Джакко выбил трубку о край стола: во все стороны брызнула какая-то горелая пыль. Он сгреб ее в кучку, перемешал и затолкал обратно. Потом достал из очага горящую щепку. Кое-как высосал из трубки немного бледно-голубого дыма. И глядя на него, произнес:

— Трубочный табак нынче редкость.

Затем большим пальцем со срезанным еще в молодости ногтем затолкал поглубже оставшийся в трубке уголек.

Пьетро снова увидел дымок и одновременно, как наяву, с болезненным чувством, свою мать — она была дома, подошла к ящику и хотела что-то достать. Но все ее бросили! И пока она возилась с ящиком, тот уползал куда-то в стену. Тогда он ощутил на лице ее руки — словно большой поцелуй, словно руки его целовали.

Маза, удивленная его ошарашенным видом, спросила:

— О чем задумались?

Джакко встал в дверях и сказал:

— Пойду займусь коровами. Дай-ка мне кнут.

Но Маза, встревоженная состоянием Пьетро, буркнула:

— Куда ты его дел?

— Поищи.

— Никогда сам за собой не смотришь. А потом жена должна за тобой ходить да все подавать.

— Заладила! Может, помолчала бы да нашла вместо этого кнут? Было б лучше.

— Хочу — и говорю.

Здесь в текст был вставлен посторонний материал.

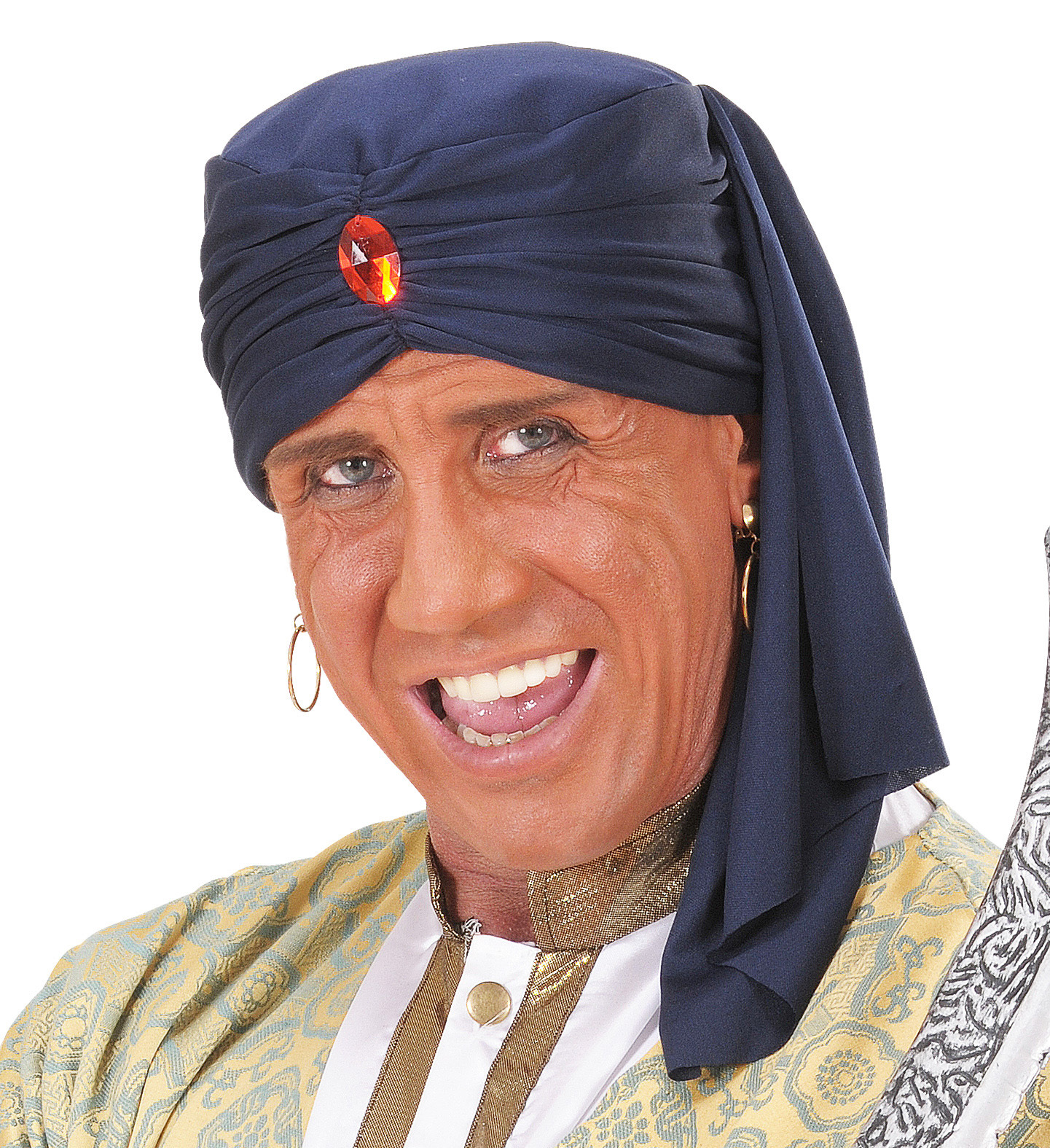 Turban Ali Baba v krásné modré barvě je perfektní volbou pro karnevaly, divadelní představení nebo tematické oslavy. Díky pružné gumičce se přizpůsobí obvodu hlavy o velikosti 42-58 cm, takže padne pohodlně téměř každému.

Не хуже тебя. — И решив, что Пьетро, видимо, за что-то сегодня попало, чтобы отвлечь его от грустных мыслей, спросила: — Видели сегодня Гизолу?

— А разве она не здесь? — откликнулся он рассеянно.

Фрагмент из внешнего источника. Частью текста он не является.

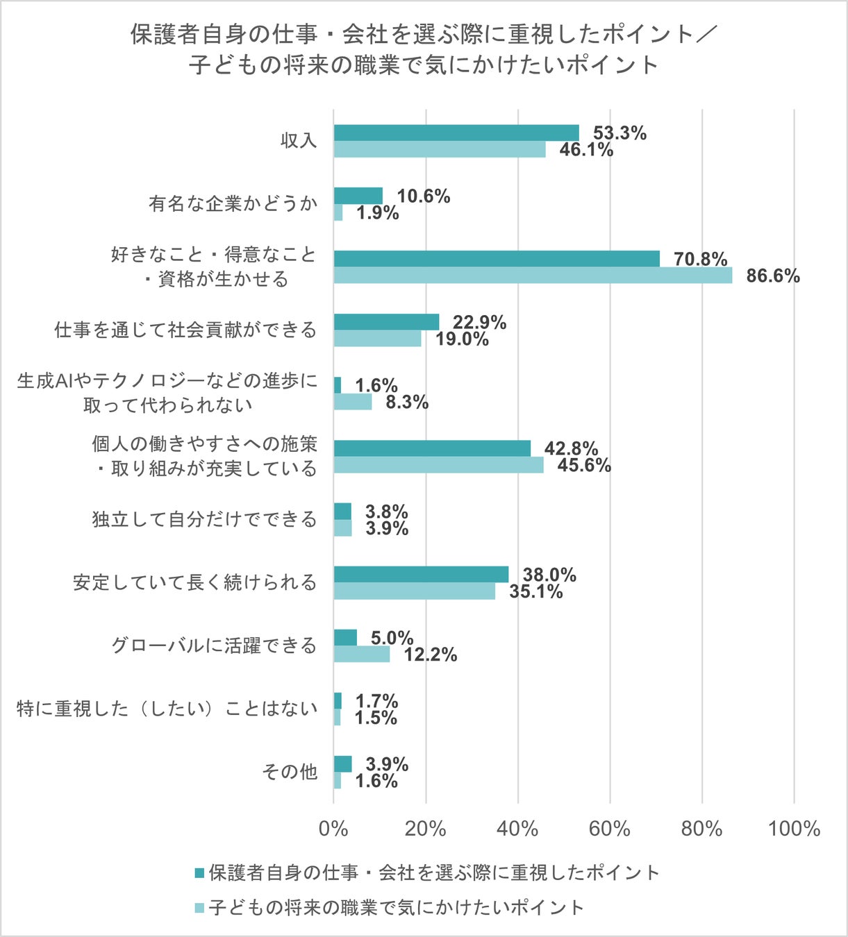 「保護者自身が今までに就いたことがある仕事・会社を選ぶ際に重視したこと」、および、「将来子どもが就く職業について、保護者として気にかけたいポイント」を聞いた。
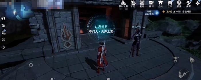 接完任务我们许要去前往祭坛,向看守校场的小兵打听一下,然后我们就火速动身前往了,找到小兵,这小兵直接没搭理主角,然后我再返回祭坛,祭坛的小兵也没说什么任务就结束了。
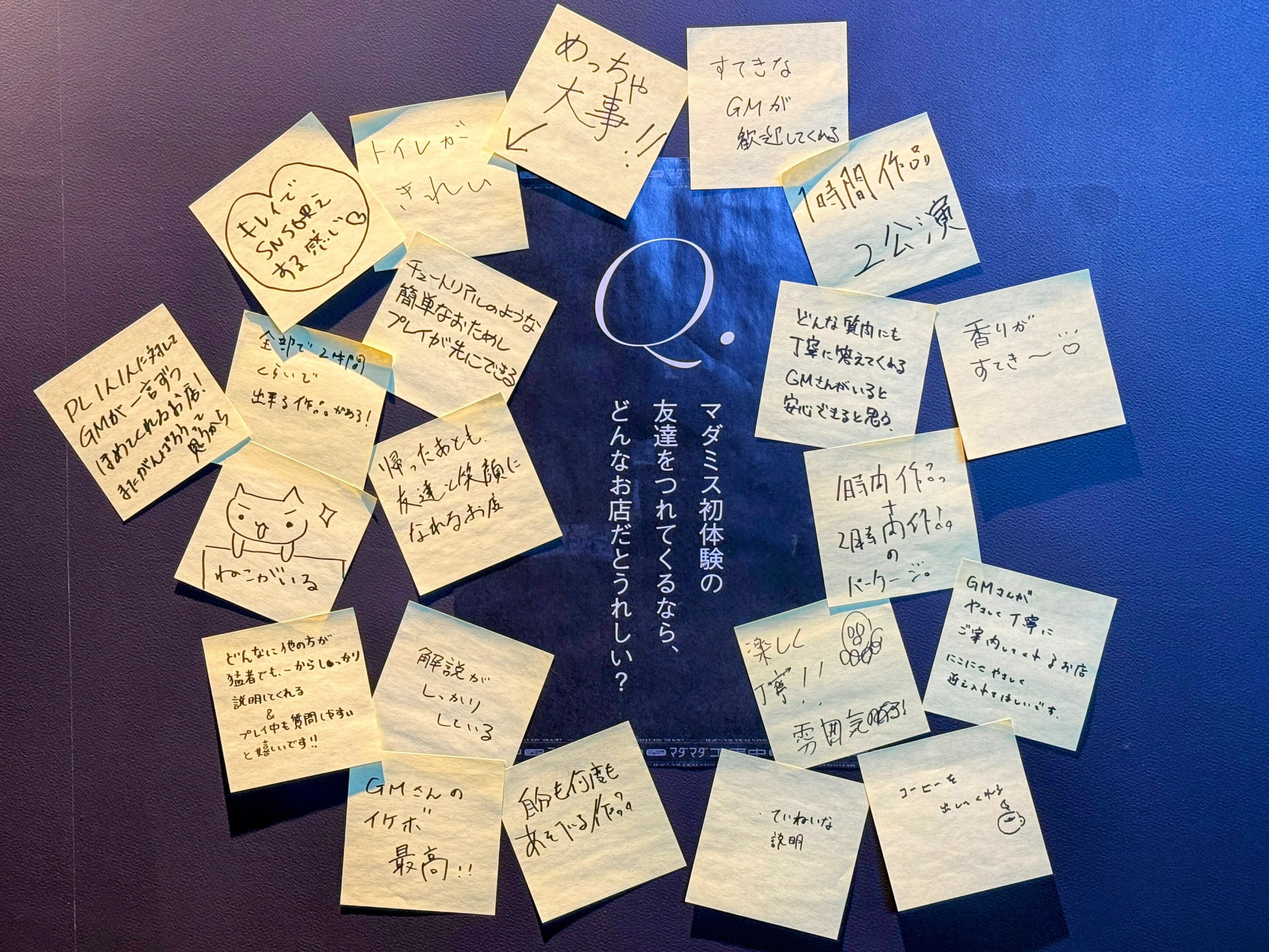 Q. マダミス初体験の友達をつれてくるなら、どんなお店だとうれしい?
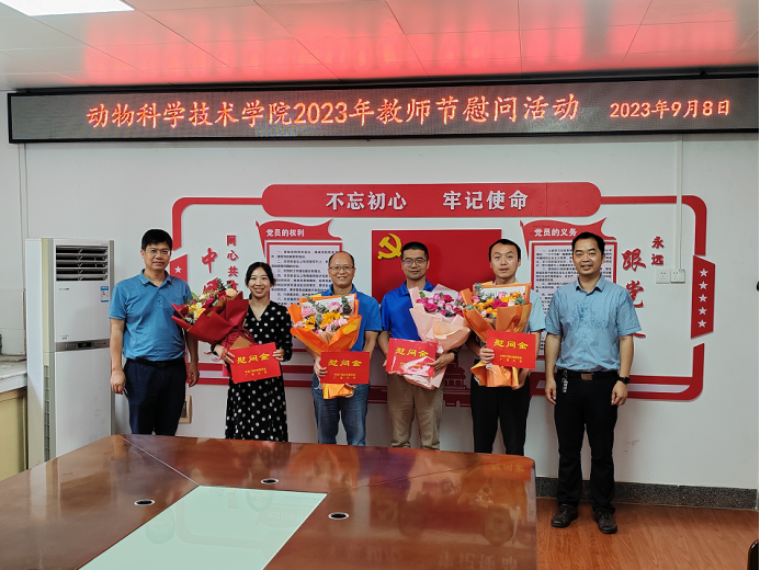 39个教师节来临之际,2023年9月8日上午,学院党委书记韦小强、院长陆阳清慰问教职工代表赵云翔、韦祖樟、宋子仪和李珣四名老师,为他们送上鲜花和慰问金,向他们致以节日的祝贺,并通过他们向全院教师致以节日的祝福。希望全院教职工不忘立德树人初心,牢记为党育人为国育才使命,共同建设好乐鱼网站,为培养新时代“五有”领军型人才作出更大贡献。慰问活动由副院长宁鹏飞主持。
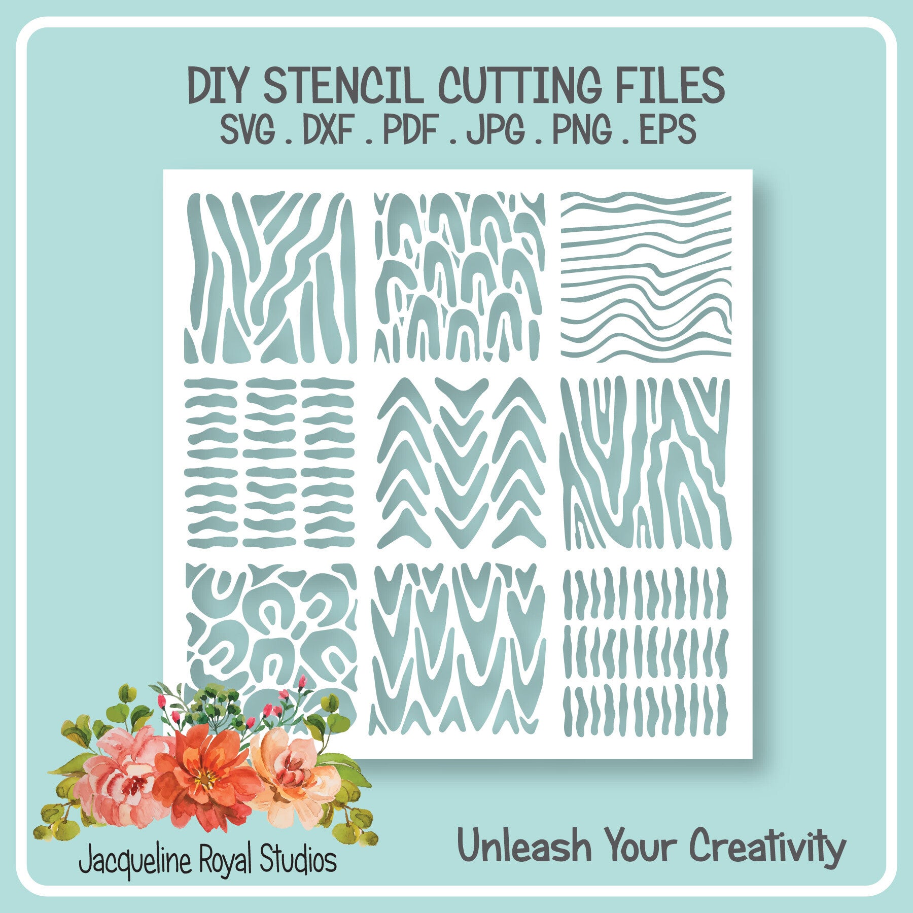 JPG. PNG. SVG. DXF. PDF and EPS Vector. All easily resized to suit your needs. Commercial Use is perfectly ok. Why not sell your cut stencils at craft fairs or in your online store! The possibilities are endless. The only restriction is you can't sell the files in digital format.

— Да вот захотелось ей пойти на мессу в Сиену, — проворчал Джакко, еще не остыв. Но Маза за нее вступилась:

— И правильно сделала. А то сидит в Поджо-а-Мели, людей не видит. — И, обращаясь к Пьетро: — Я думала, вы ее встретили.

Старики вдруг задумались и обменялись взглядами, смысла которых Пьетро не понял.

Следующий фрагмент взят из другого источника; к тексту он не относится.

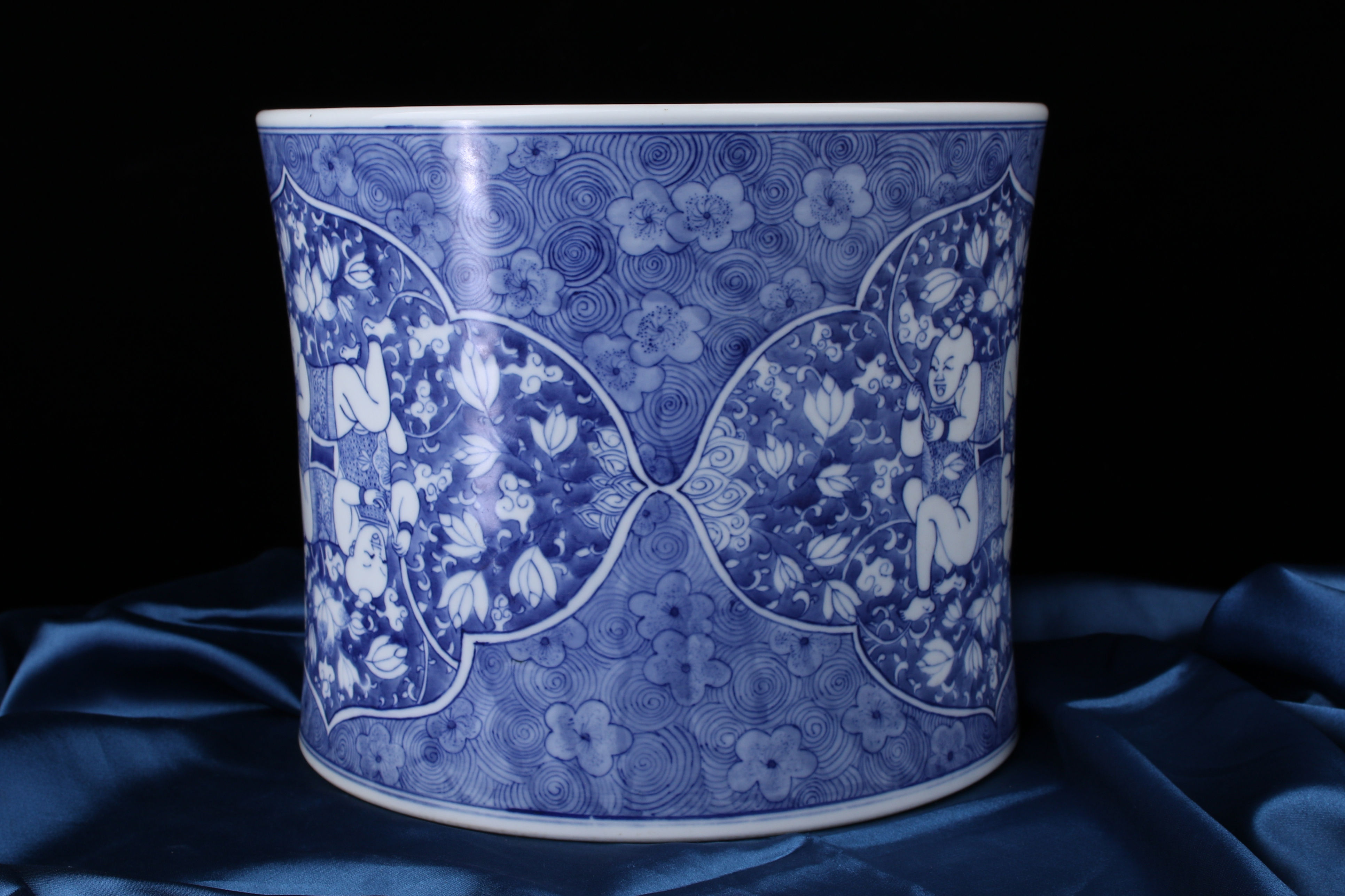 A0103. Blue and White Large Brush Pot with 'Continuous Blessing'
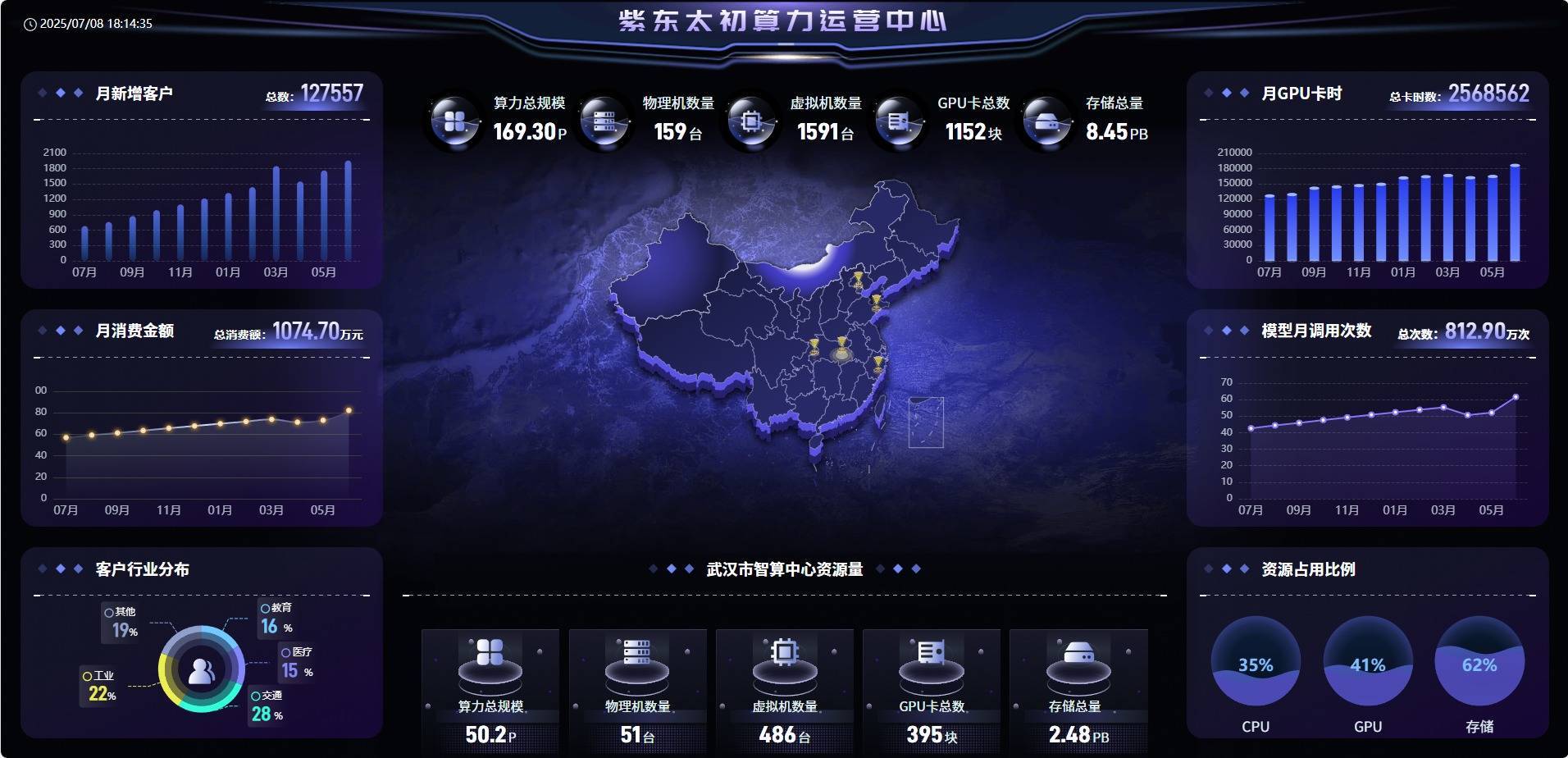 在武汉人工智能研究院展厅,“紫东太初云”平台的实时数据面板上,超百个应用场景的动态数据不断刷新。这个国内首个全栈国产化万卡智算云,正让AI 技术加速渗透到产业肌理。

— На все воля Божья! — громко вздохнула Маза.

— Это вы про что? — спросил Пьетро. — Расскажите.

Его вдруг охватило жгучее любопытство.

— А где она? Скоро вернется?

Он разволновался. Взглянул по сторонам своими добрыми голубыми глазами и понял, что все это знают. Веки были горячими, как кипяток.

Запряженный в двуколку конь, привязанный во дворе к железному кольцу, клонился набок, отдыхая. Топпа глодал перепачканную землей сухую хлебную корку, для удобства крепко прижав ее лапами.

Не успев еще успокоиться, Пьетро увидел Гизолу.

Она выросла в юную девушку — худенькую, с тонкими губами. Черные глаза казались парой оливок, пропустить которые невозможно — они самые красивые на ветке.

Пьетро замер в восхищении. Она плавно шла, чуть встряхивая головой, ее черные как смоль волосы, приглаженные маслом, были уложены по-новому.

Гизола наклонила голову, пытаясь спрятать улыбку. И замедлила шаг, словно у нее был секрет, и она сомневалась, стоит ли им делиться. Ему стало горько, и он вышел ей навстречу, совсем как раньше, сам не зная, хочет ли стукнуть ее или что-нибудь рассказать — ему хотелось сделать ей больно.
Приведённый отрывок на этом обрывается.